Ethanol and acetate production pathways are identified in representative bacterial genomes from taxa linked to high FLI

The values of predictive balances in the phylogenetic tree cannot be summarized for individual taxa, which means that only a qualitative investigation of the associations between their metabolism and fatty liver was possible in this study. We identified genetic pathways predicted to encode for SCFA (acetate, propanoate, butanoate) and ethanol production, BA metabolism, and choline degradation to trimethylamine (TMA) in representative genomes from the taxa we identified to be linked to liver function (Figure S8). These processes were chosen because they have been previously identified to have a mechanistic link to NAFLD (see, e.g., ref.¹⁹).

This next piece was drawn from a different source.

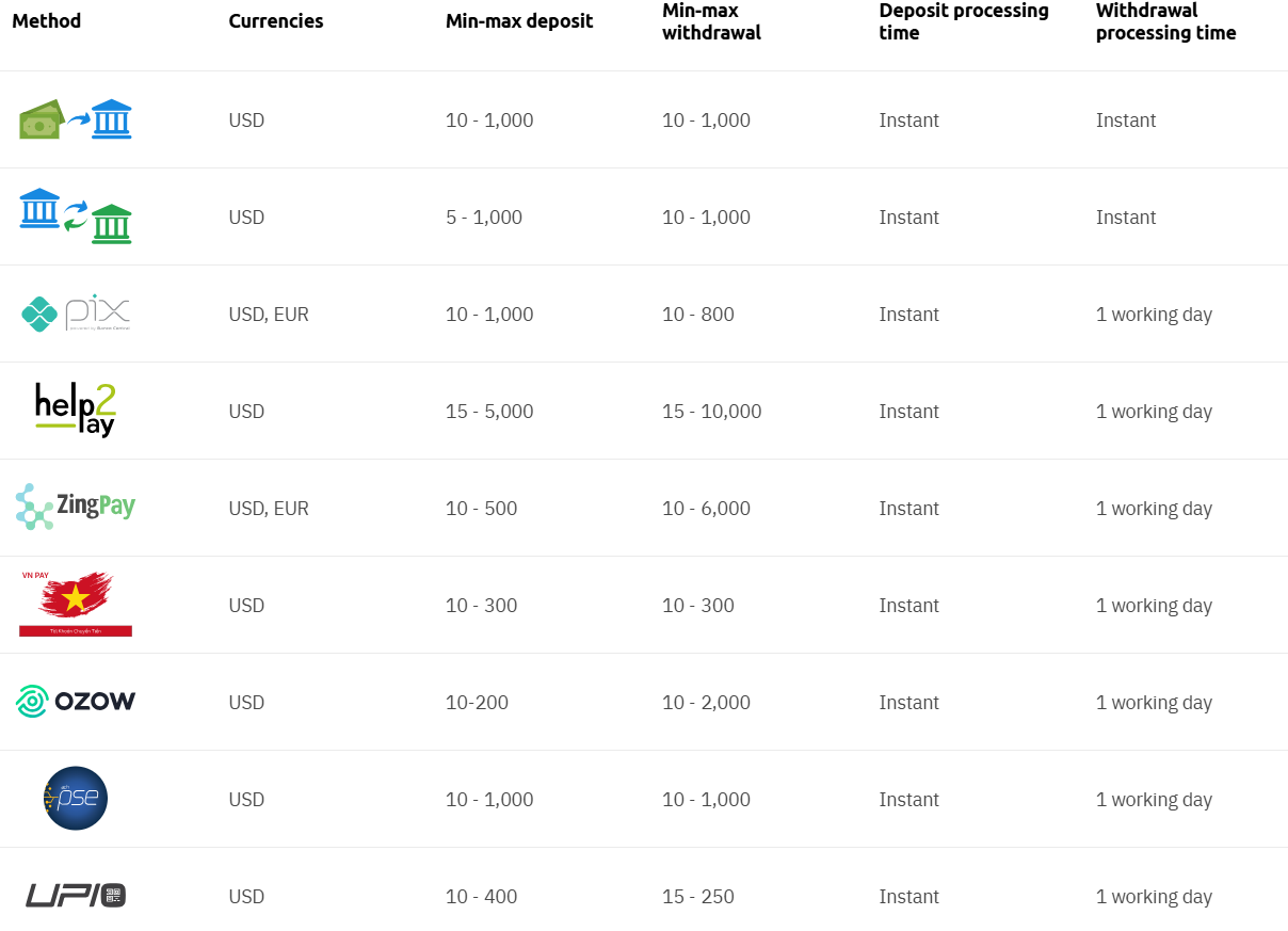 The Deriv minimum deposit for eWallets is $10 & processing time is instant at zero fees.

Acetate and ethanol production pathways appeared to be more common in the representative genomes of the taxa which had a positive association with FLI. In the liver function-specific clades, n336 and n330, MetaCyc pathways for pyruvate fermentation to ethanol III (PWY-6587) and L-glutamate degradation V (via hydroxyglutarate; P162-PWY; produces acetate and butanoate) were present only in genomes positively associated with FLI. In balance n336, also heterolactic fermentation (P122-PWY; produces ethanol and lactate) was more often encoded in the clade positively associated with the high FLI group (3/5) than the opposing negatively associated clade (1/2). In representative genomes from the liver-specific balance n336, potential ethanol producers (PWY-6587) were seen in the positively associated clade (Clostridum M clostridoforme A and Clostridum M sp000155435), and not in the negatively associated clade (Clostridium M sp001517625 and Clostridium M sp000431375). However, for most balances, such trends were not clear in the qualitative analysis. Furthermore, we did not detect any of these pathways in the representative genomes of two individual taxa positively associated with FLI, Negativibacillus sp000435195 and Phocea massiliensis (Figure S8).

Discussion

The pathophysiology of fatty liver disease in general, and NAFLD in particular, is complex and its clinical diagnosis can be difficult.³² In this study, we utilized metagenomic data from a large population cohort (FINRISK 2002),³⁰ to identify broad links between the overall gut microbiome composition and fatty liver disease, using FLI as a recognized proxy (Figure 1c), and identified specific microbial taxa and lineages positively and negatively associated with the high FLI group (Figure 2). It should be noted that FLI used in our study as a proxy for liver disease also includes features such as BMI and waist circumference, which associate with metabolic syndrome and diabetes.¹⁶ Links between these diseases and gut microbiome composition are well documented in previous studies.³³ However, fatty liver disease is increasingly thought to be a component of the metabolic syndrome,^4,34 and while diabetes prevalence is higher in the high FLI group in FINRISK 2002, affected participants still consist only 11% of this group (Table S1). Furthermore, we would like to emphasize that our results are not suitable for current clinical application, and should be validated by further, preferably mechanistic studies. We also do not know if our results generalize outside the Finnish population, as all participants in this study were exclusively from Finnish cohorts.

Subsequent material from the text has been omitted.